Poultry farmers have called for a UK-wide housing order to be brought in as soon as possible, after an upsurge in bird flu outbreaks in the past month.
A compulsory housing order for all poultry and captive birds in Norfolk, Suffolk and parts of Essex came into force on Wednesday. It applies to everyone who keeps birds – both commercial flock keepers and non-commercial premises such as back yards, hobby flocks or pets.
It comes after a significant increase in bird flu cases in the east of England region, with 27 outbreaks in the past month alone across the three counties. Christmas goose producers are among those to have been badly affected.
The UK’s chief vet, Christine Middlemiss, said she expected to see the number of bird flu cases on farms to continue to rise over the coming months as migratory birds return to the UK.
In the past month there have also been outbreaks in Somerset, Oxford, Staffordshire, North Yorkshire, Lancashire, Devon and Cheshire.
In November last year, the chief veterinary officers for Wales, England, Scotland and Northern Ireland agreed to bring in a compulsory housing order across the UK. This was only lifted by the chief vets from the four devolved nations in May this year.
Farming groups are calling on for the new regional compulsory housing order to be extended across the whole of the UK as soon as possible.

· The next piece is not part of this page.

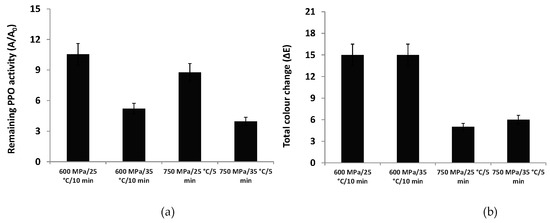Figure 3. (a) PPO inactivation (remaining PPO activity) and (b) color change (total color change—ΔΕ value) of avocado puree-based smoothie beverage (pH = 4.991 ± 0.110). Processing (pressure-temperature-time) conditions: 600 MPa-25 °C-10 min, 600 MPa-35 °C-10 min, 750 MPa-25 °C-5 min, and 750 MPa-35 °C-5 min. Error bars represent standard deviation from multiple treatments.

“The sheer persistence of avian influenza over the past year, coupled with soaring energy and feed costs, has put the whole British poultry sector under huge emotional and financial pressure. Given the recent rise in avian influenza cases and the distress they cause for farming families, the implementation of housing measures in the east of England is a necessary step.
“The number one priority for poultry farmers has always been the health and welfare of their flock … That is why the National Farmers Union is now urging the Department for Environment, Food and Rural Affairs (Defra) to consider expanding the regional housing measures on a national basis to reflect any increase in the levels of risk across the country,” said NFU poultry board chair James Mottershead.
The British Poultry Council said a compulsory housing order for all farmed birds was necessary “as soon as possible to prioritise the wellbeing of our farmers, the viability of their businesses and the safety of all birds”.
UK egg producers also said they would like to see the initial compulsory housing order extended across the UK.
Free-range egg producers said their support was conditional on the UK aligning with EU proposals to allow eggs to continue to be labelled as “free range”, even if the birds are not allowed outside.
The European Commission has put forward plans for scrapping the time limit on the marketing of eggs as free range if chickens are forced to be housed to reduce the risk of outbreaks of bird flu.
Over the last year, the UK has faced its largest ever outbreak of bird flu with more than 160 cases confirmed since late October 2021.
We’ve been seeing unprecedented levels of the virus around the UK this year, and usually numbers increase as winter approaches, so the situation could get even worse,” said Prof Wendy Barclay, head of the department of infectious disease at Imperial College London.
“The outbreak is being closely monitored by the Animal and Plant Health Agency and Defra, but it is clear that farmed birds that are exposed to wild birds are vulnerable,” she added.
Defra said any decision on when to reintroduce national housing measures would be based on the latest scientific and ornithological evidence and veterinary advice.
The UK Health Security Agency continue to advise the risk to public health from the virus is very low and the Food Standards Agency advice remains unchanged, that avian influenzas pose a very low food safety risk for UK consumers. Properly cooked poultry and poultry products, including eggs, are safe to eat.